Data listing
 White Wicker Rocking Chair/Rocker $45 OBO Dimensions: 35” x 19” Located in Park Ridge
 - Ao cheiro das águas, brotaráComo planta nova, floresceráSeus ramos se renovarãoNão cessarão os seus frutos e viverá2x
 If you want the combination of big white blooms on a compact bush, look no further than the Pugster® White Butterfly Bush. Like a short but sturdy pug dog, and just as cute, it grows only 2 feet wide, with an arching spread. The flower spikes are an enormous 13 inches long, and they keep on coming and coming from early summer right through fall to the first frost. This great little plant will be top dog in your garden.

...

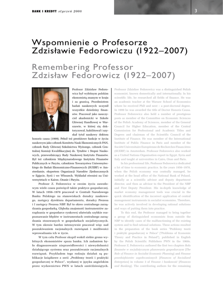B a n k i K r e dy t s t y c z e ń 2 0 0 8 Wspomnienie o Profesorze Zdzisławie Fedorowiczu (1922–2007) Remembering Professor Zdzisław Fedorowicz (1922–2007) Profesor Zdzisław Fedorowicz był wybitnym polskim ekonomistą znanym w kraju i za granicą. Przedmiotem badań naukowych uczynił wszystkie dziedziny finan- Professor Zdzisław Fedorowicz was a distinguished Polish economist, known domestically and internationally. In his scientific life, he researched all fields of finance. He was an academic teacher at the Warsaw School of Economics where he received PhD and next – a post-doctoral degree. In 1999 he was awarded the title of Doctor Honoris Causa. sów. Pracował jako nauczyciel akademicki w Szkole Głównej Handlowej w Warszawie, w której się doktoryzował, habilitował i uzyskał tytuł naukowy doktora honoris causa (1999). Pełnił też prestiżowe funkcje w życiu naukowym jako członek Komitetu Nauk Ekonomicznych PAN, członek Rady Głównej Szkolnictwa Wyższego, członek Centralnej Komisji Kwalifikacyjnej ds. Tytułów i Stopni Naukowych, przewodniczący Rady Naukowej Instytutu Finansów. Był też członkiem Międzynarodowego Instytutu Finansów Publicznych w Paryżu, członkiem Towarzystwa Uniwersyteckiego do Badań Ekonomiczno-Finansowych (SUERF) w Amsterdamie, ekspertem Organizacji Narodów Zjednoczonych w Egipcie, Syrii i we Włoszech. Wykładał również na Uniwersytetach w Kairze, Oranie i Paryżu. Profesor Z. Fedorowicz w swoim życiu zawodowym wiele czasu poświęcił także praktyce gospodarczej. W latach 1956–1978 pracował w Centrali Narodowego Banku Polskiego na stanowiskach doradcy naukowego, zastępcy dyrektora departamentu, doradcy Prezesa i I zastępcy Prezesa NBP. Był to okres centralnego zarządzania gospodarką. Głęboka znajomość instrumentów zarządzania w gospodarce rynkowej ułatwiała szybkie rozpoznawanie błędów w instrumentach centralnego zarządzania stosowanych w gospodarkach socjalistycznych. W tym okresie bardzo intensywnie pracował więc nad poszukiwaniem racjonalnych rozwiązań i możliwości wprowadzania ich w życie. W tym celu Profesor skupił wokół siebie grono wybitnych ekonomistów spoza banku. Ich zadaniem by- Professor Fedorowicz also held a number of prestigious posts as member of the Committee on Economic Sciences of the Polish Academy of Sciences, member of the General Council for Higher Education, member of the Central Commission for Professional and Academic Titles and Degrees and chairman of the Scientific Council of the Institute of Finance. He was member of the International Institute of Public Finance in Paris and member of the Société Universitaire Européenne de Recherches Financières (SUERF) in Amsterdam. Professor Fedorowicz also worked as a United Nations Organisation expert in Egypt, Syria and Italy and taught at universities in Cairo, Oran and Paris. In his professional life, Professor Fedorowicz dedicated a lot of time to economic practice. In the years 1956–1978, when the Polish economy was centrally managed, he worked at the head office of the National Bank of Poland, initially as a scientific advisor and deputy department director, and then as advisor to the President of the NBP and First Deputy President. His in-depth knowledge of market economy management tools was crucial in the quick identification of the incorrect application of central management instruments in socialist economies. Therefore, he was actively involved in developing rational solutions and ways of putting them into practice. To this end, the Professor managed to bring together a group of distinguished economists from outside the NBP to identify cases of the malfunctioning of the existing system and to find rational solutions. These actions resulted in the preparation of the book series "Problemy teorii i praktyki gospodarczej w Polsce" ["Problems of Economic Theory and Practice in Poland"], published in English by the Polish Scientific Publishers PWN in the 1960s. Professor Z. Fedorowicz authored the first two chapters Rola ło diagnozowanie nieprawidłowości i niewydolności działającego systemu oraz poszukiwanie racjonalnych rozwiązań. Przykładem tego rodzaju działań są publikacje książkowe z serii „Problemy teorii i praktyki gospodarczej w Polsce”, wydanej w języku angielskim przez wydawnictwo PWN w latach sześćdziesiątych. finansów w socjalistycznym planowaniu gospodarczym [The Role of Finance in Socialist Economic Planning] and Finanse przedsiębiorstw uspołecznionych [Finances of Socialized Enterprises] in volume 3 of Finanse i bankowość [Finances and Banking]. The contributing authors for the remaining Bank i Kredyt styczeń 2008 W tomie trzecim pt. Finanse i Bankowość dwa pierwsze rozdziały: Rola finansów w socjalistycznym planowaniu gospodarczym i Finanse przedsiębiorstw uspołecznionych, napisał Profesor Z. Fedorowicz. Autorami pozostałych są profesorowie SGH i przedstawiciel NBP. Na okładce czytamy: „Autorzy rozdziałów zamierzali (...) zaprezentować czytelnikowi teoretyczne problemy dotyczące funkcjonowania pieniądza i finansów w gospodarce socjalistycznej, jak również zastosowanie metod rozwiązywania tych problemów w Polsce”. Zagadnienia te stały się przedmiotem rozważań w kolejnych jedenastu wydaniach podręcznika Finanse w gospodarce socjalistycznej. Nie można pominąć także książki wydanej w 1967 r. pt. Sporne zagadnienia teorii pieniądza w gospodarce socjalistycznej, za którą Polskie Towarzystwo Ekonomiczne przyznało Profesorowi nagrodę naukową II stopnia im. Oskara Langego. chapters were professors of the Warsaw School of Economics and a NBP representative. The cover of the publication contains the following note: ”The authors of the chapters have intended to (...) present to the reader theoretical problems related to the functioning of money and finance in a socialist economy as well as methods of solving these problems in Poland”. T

What is needed
Repeat, character for character, the lines of the material above from the line with "White Wicker Rocking" through the line with "- Ao cheiro".

Final answer
 White Wicker Rocking Chair/Rocker $45 OBO Dimensions: 35” x 19” Located in Park Ridge
 - Ao cheiro das águas, brotaráComo planta nova, floresceráSeus ramos se renovarãoNão cessarão os seus frutos e viverá2x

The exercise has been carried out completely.